No Way to Make Friends

There is a lack of empathy emanating from Washington. After the Bali bombings, which were Australia's 9/11, the administration did not bother to send a high-level envoy to a steadfast ally for condolences. Australians had to make do with a videotape of George Bush. Even last week, Bush could surely have arranged to meet in Baghdad with a few troops from allied countries who are also fighting and dying in Iraq.

What is most dismaying about this state of affairs is that for the last 50 years the United States has skillfully merged its own agenda with the agendas of others, creating a sense of shared interests and values. When Truman, Eisenhower and Kennedy waged the cold war, they also presented the world with a constructive agenda dealing with trade, poverty and health. They fought communism with one hand and offered hope with the other. We have fallen far from that model if the head of the Chinese Communist Party is seen as presenting the world with a more progressive agenda than the president of the world's leading democracy.

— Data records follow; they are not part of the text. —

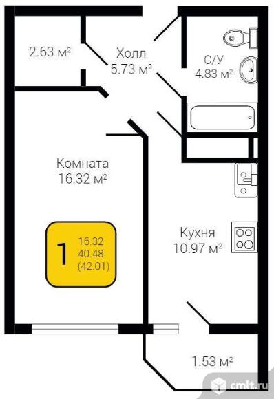 1-комнатная квартира | 14/25 эт. | 42.01 м2 | #280416
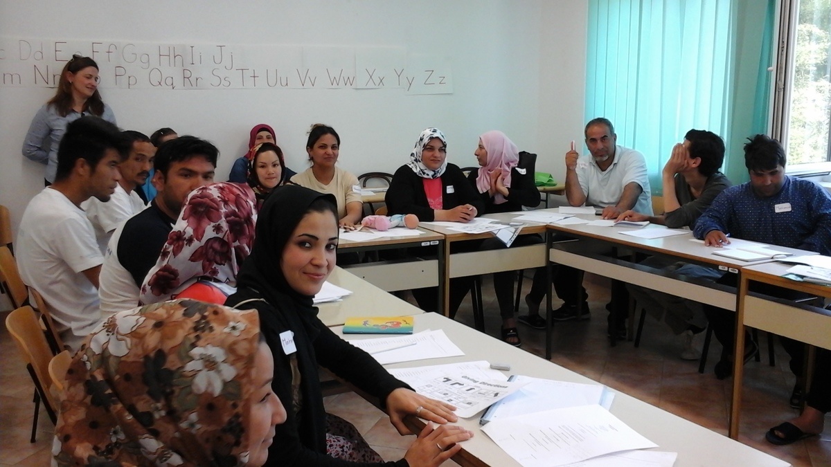 Refugees at Logatec Asylum Home Branch attend an English language class.
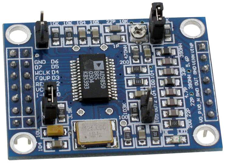 Swoją popularność zawdzięcza on głównie zastosowaniu w dwóch łatwo dostępnych modułach generatorów, pokazanych na fot. 1 i 2. Układ ten działa w oparciu o zasadę odtwarzania wyliczanych „w locie” próbek sygnału, generowanego za pomocą 10-bitowego przetwornika C/A, taktowanego ze stałą częstotliwością, wytwarzaną przez stabilizowany termicznie generator kwarcowy OCXO. Układ scalony AD9850 może pracować z napięciem zasilania Vdd z zakresu 3,3…5 V. Maksymalna częstotliwość taktowania Fs oraz moc strat Ptot wynoszą wtedy 155 mW przy 110 MHz oraz 380 mW przy 125 MHz (wyczuwa się lekkie grzanie się pracującego układu). Deklarowana przez producenta wartość parametru SFDR oznaczającego stosunek amplitudy użytecznego sygnału wyjściowego do najsilniejszego sygnału zakłócającego (miara dokładności odwzorowania sygnału przez przetwornik DAC), przy częstotliwości generowanego sygnału sinusoidalnego równej Fc=40 MHz, jest lepsza od 50 dB, co można uznać za wartość zadowalającą w większości zastosowań radioamatorskich. Trzeba tu jednak wyraźnie podkreślić, że przy tak małym stosunku częstotliwości generowanej Fc=40 MHz do częstotliwości próbkowania Fs=125 MHz równym 0,32 próbkowanie odbywa się zbyt rzadko, aby jakość odwzorowania sygnału w dziedzinie czasu była wystarczająca dla większości zastosowań. W praktyce, wykorzystując tylko filtry dolnoprzepustowe LC, zaimplementowane w opisywanych modułach DDS, jesteśmy w stanie uzyskać przebiegi sinusoidalne i prostokątne o jakości niebudzącej zastrzeżeń tylko w zakresie do kilkunastu MHz. Przy większych wymaganiach na czystość widmową generowanego dla przebiegu sinusoidalnego warto zastosować dodatkowe filtry dolno- lub pasmowoprzepustowe.
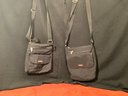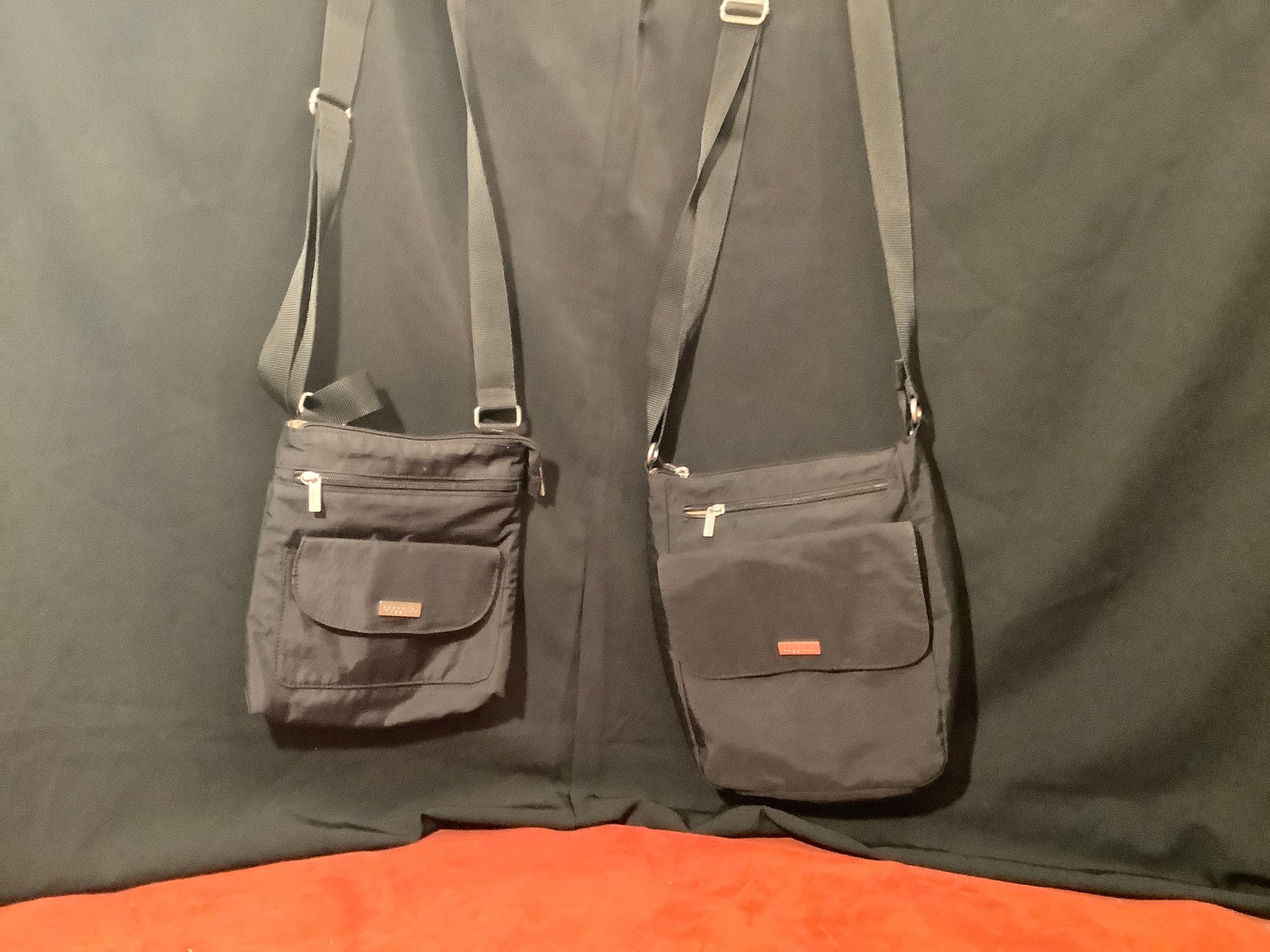2.) With black front pockets, zippers at the top and adjustable cross body straps.
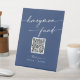 Ce guéridon chic et chic mariage royal en lune de miel est parfait pour un mariage minimaliste. Le design bohème moderne bleu foncé et audacieux présente une calligraphie rustique simple avec un style unique mais classique. Entrez votre adresse Web dans la section de code QR du modèle et le code QR sera automatiquement mis à jour et lié à votre site ou application. Personnalisez les panneaux avec vos noms.
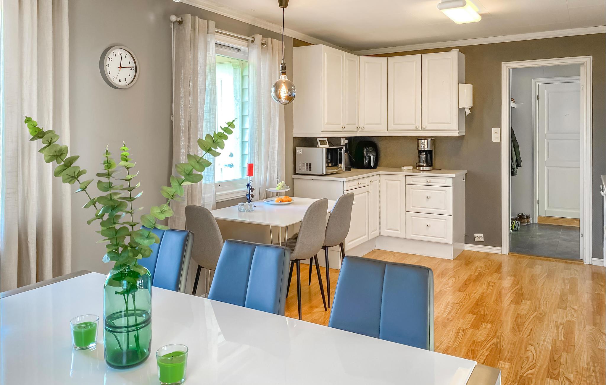 In der Behaglichkeit des Hauses in gemütlicher Einrichtung fällt es leicht, abzuschalten. Genießen Sie die erste Tasse Tee des Tages auf der Holzterrasse mit Blick auf die Landschaft, und spazieren Sie herunter zu den Booten im kleinen Hafen. Ein weiterer aktiver Tag in der Natur kann beginnen - Entdecken Sie die Insel zu Wasser oder zu Land, baden oder angeln Sie, oder verlieren Sie sich einfach beim Blick in die Umgebung.
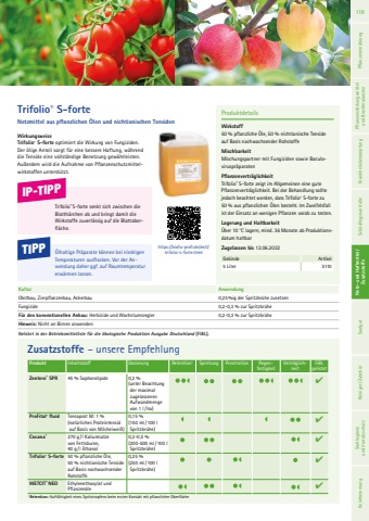 https://biofa-profi.de/de/t/ trifolio-s-forte.htmlProduktdetailsWirkstoff50 % pflanzliche %u00d6le, 50 % nichtionische Tenside auf Basis nachwachsender RohstoffeMischbarkeitMischungspartner mit Fungiziden sowie Baculoviruspr%u00e4paratenPflanzenvertr%u00e4glichkeitTrifolio%u00ae S-forte zeigt im Allgemeinen eine gute Pflanzenvertr%u00e4glichkeit. Bei der Behandlung sollte jedoch beachtet werden, dass Trifolio%u00ae S-forte zu 50 % aus pflanzlichen %u00d6len besteht. Im Zweifelsfall ist der Einsatz an wenigen Pflanzen vorab zu testen.Lagerung und Haltbarkeit%u00dcber 10 %u00b0C lagern, mind. 36 Monate ab Produktionsdatum haltbarZugelassen bis 12.06.2032Gebinde Artikel5 Liter 5110Trifolio%u00ae S-forte Netzmittel aus pflanzlichen %u00d6len und nichtionischen TensidenWirkungsweiseTrifolio%u00ae S-forte optimiert die Wirkung von Fungiziden. Der %u00f6lige Anteil sorgt f%u00fcr eine bessere Haftung, w%u00e4hrend die Tenside eine vollst%u00e4ndige Benetzung gew%u00e4hrleisten. Au%u00dferdem wird die Aufnahme von Pflanzenschutzmittelwirkstoffen unterst%u00fctzt. Kultur AnwendungObstbau, Zierpflanzenbau, Ackerbau 0,25%ig der Spritzbr%u00fche zusetzenFungizide 0,2-0,3 % zur Spritzbr%u00fcheF%u00fcr den konventionellen Anbau: Herbizide und Wachstumsregler 0,2-0,3 % zur Spritzbr%u00fcheHinweis: Nicht an Birnen anwendenTIPP %u00d6lhaltige Pr%u00e4parate k%u00f6nnen bei niedrigen Temperaturen ausflocken. Vor der Anwendung daher ggf. auf Raumtemperatur erw%u00e4rmen lassen.Gelistet in der Betriebsmittelliste f%u00fcr die %u00f6kologische Produktion Ausgabe Deutschland (FiBL).IP-TIPPTrifolio%u00ae S-forte senkt sich zwischen die Blatth%u00e4rchen ab und bringt damit die Wirkstoffe zuverl%u00e4ssig auf die Blattoberfl%u00e4che.Zusatzstoffe %u2013 unsere Empfehlung1 Retention: Haftf%u00e4higkeit eines Spritztropfens beim ersten Kontakt mit pflanzlicher Oberfl%u00e4cheProdukt Inhaltsstoff Dosierung Retention1 Spreitung Penetration RegenfestigkeitVertr%u00e4glichkeitFiBL gelistetZentero%u00ae SPR 45 % Sophorolipide 0,2 % (unter Beachtung der maximal zugelassenen Aufwandmenge von 1 l/ha)%u2714ProFital%u00ae fluid Tensoprot M: 1 % (nat%u00fcrliches Proteintensid auf Basis von Milcheiwei%u00df)0,15 % (150 ml/100 l Spritzbr%u00fche)%u2714Cocana%u00ae 270 g /l Kaliumsalzevon Fetts%u00e4uren,40 g /l Ethanol0,2-0,5 % (200-500 ml/100 l Spritzbr%u00fche)%u2714Trifolio%u00ae S-forte 50 % pflanzliche %u00d6le, 50 % nichtionische Tenside auf Basis nachwachsender Rohstoffe0,25 % (250 ml/100 l Spritzbr%u00fche)%u2714WETCIT%u00aeNEO Ethylenethoxylat und Pflanzen%u00f6le %u2714119 Pflanzenern%u00e4hrung Pflanzenst%u00e4rkungsmittel und Biostimulanzien Krankheitsbek%u00e4mpfung Sch%u00e4dlingskontrolle Netz- und Haftmittel/ Zusatzstoffe Saatgut Reiniger/ Zubeh%u00f6r Netz- und Haftmittel/ Zusatzstoffe Stallhygiene und Vorratsschutz Keimhemmung

Bush distinguished himself in other ways. His address to parliament is the first in which a foreign chief of state ever effectively gave a political endorsement to an Australian political leader. It is certainly the first in which he greeted the governor-general although that dignitary was not present or in which he got the president of the Senate's title wrong.

Bungled protocol and partisanship is not going to end Australia's friendship with the US, but it certainly speaks of a lack of empathy driven by a blatant attitude of 'because I can'.